That’s not what we see of Jesus in today’s gospel. He is fully present to himself, his disciples, and the crowd. He’s wholehearted. He’s made rest an interior quality, not simply an absence of action, an escape from responsibility, or an avoidance of others. Maybe his invitation to come away and rest is the invitation to wholeheartedness.
“You know that the antidote to exhaustion is not necessarily rest?”
(Whyte, Crossing the Unknown Sea, 132)
That’s what a Benedictine monk said when the writer David Whyte asked him about exhaustion. “What is it, then?” Whyte asked the monk.
He said, “The antidote to exhaustion is wholeheartedness.” (Ibid.)
He continued, “You are so tired through and through because a good half of what you do here in this organization has nothing to do with your true powers, or the place you have reached in your life. You are only half here, and half here will kill you after a while. You need something to which you can give your full powers. You know what that is; I don’t have to tell you.” (Ibid.)
- What if the deep need of the world today isn’t smarter, more powerful, harder working, or more efficient and productive people? What if the world’s deep need is wholeheartedness? What if your and my deep need is to be wholehearted?
- What if Jesus invites us to “come away to a deserted place all by [ourselves] and rest a while” not to get away from life but to recover and re-collect ourselves, put the pieces back together, so we can be wholeheartedly present to ourselves, others, and the world?
- What if rest, true rest, the kind of rest Jesus demonstrates in today’s gospel “is the conversation between what we love to do and how we love to be”? (Whyte, Consolations, “Rest,” 181) Maybe it’s a conversation about balance, congruency, and harmony between what’s going on inside us and what’s going on outside us. What if that’s the beginning of wholeheartedness? What are you hearing and learning from that conversation in your life today?
What is it that you love to do? What are those things to which you can fully and completely give yourself? You hold nothing back but offer all that you are and all that you have. They are the kind of things that when you are doing them time just flows. You’re in the zone. You’re in the flow of life and everything is as it should be. You lose track of time. You never want that moment to end.
And how is it that you love to be? This is different from what you do.

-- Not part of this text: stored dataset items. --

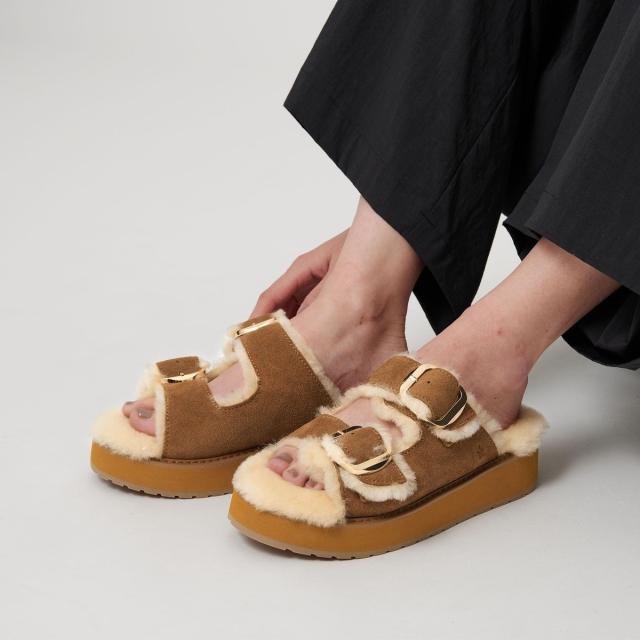 ムートンを使用したふわふわの履き心地が魅力の、ビックバックルサンダル。
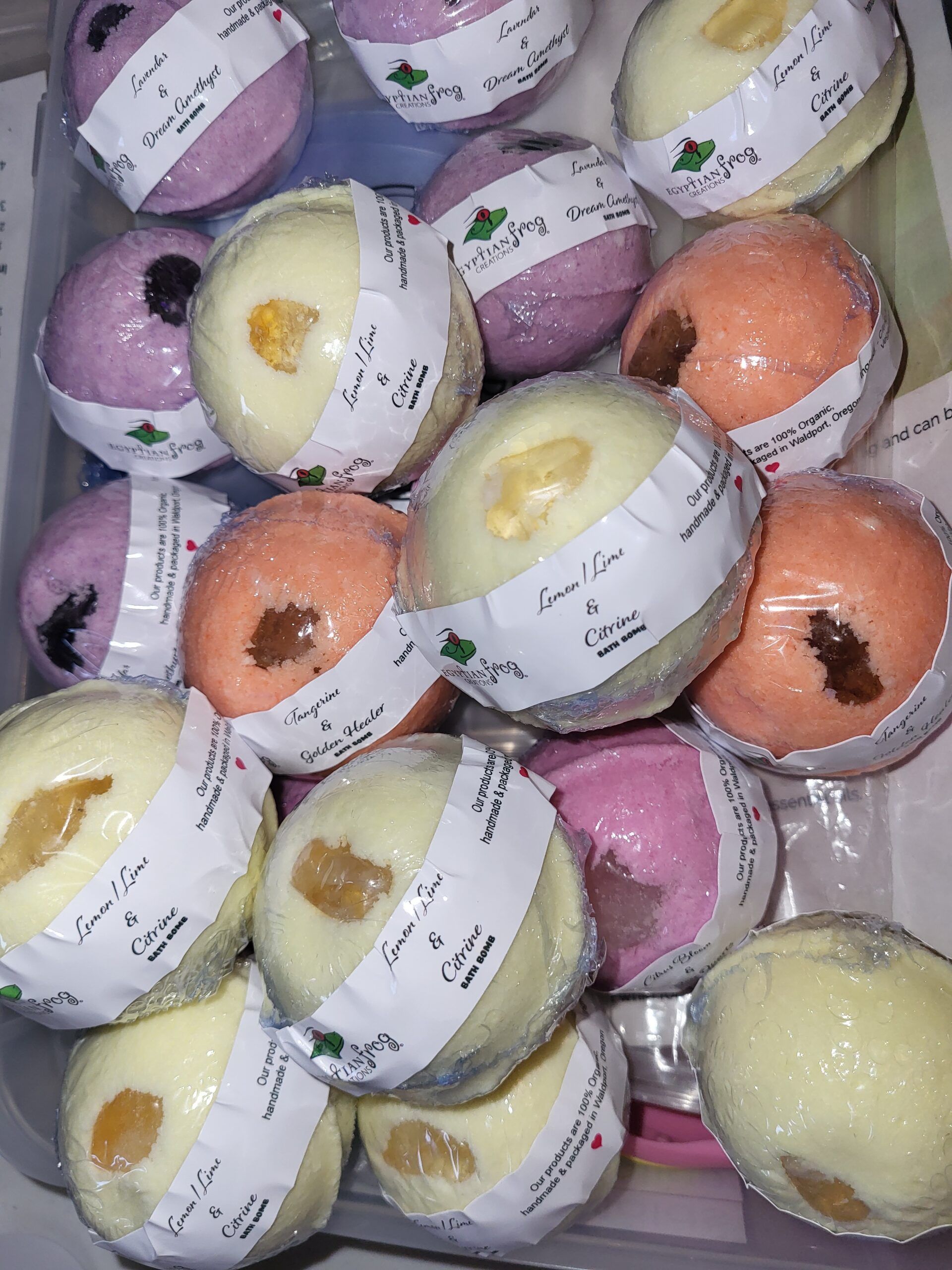 Luscious Foaming Bath Bombs with healing crystals made with Citric Acid, Baking Soda, Cornstarch,
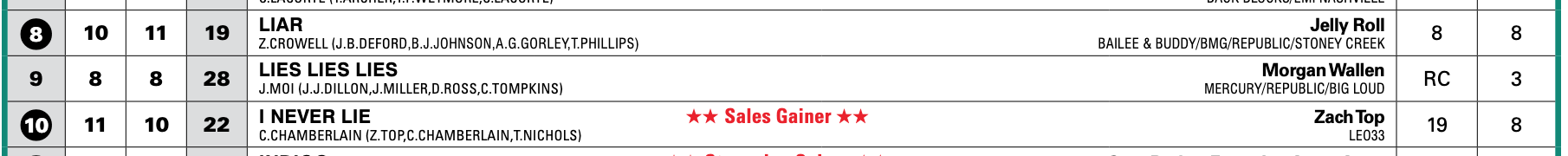 This one's on its way back down, and not a moment too soon — extremely post-Wallen in the worst way. (Unrelated, this Brantley Gilbert album cover is…something else.)
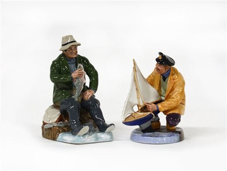 Manifattura di royal Doulton, lotto di due figure in porcellana policroma raffiguranti pescatore e marinaio (h max cm 20)
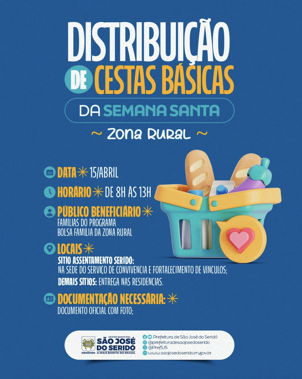 A prefeitura de São José do Seridó anunciou nesta terça-feira, 15, que fará distribuição de cestas básicas para a Semana Santa. As pessoas beneficiadas são famílias do Programa Bolsa Família da zona rural do município.

This is about how you are, how you be, your “beingness.” This is about your way of being, the qualities and characteristics that live within you, that express your deepest and truest identity. When you live from that place you know that you are fully yourself and you don’t have to pretend, defend, justify, or excuse. You show up with all that you are and all that you have. It’s enough and you are enough.
What would be like and take to put those two together; what you do and how you are? To do what you love and love what you do. To love how you be and be how you love. I think that intersection is the place where we discover our wholeheartedness, where we discover our deepest and most authentic selves. It’s the place where we touch the divine in our lives and discover it in our world.
Imagine if we lived from that place and offered it to the world? What do you think that would be like? How might you do that in your life today?
I don’t want to come back from my time away and do the same old things in the same old ways and be the same old guy. I want to be changed and transformed, don’t you? I want to grow and deepen my life. I want to be more real, authentic, and Mike-like. Isn’t that what you want for yourself and for those you love and care about?
“Come away to a deserted place all by yourselves and rest a while.” Be restored. Be renewed. Recover yourself. Become wholehearted. And offer your heart to the world.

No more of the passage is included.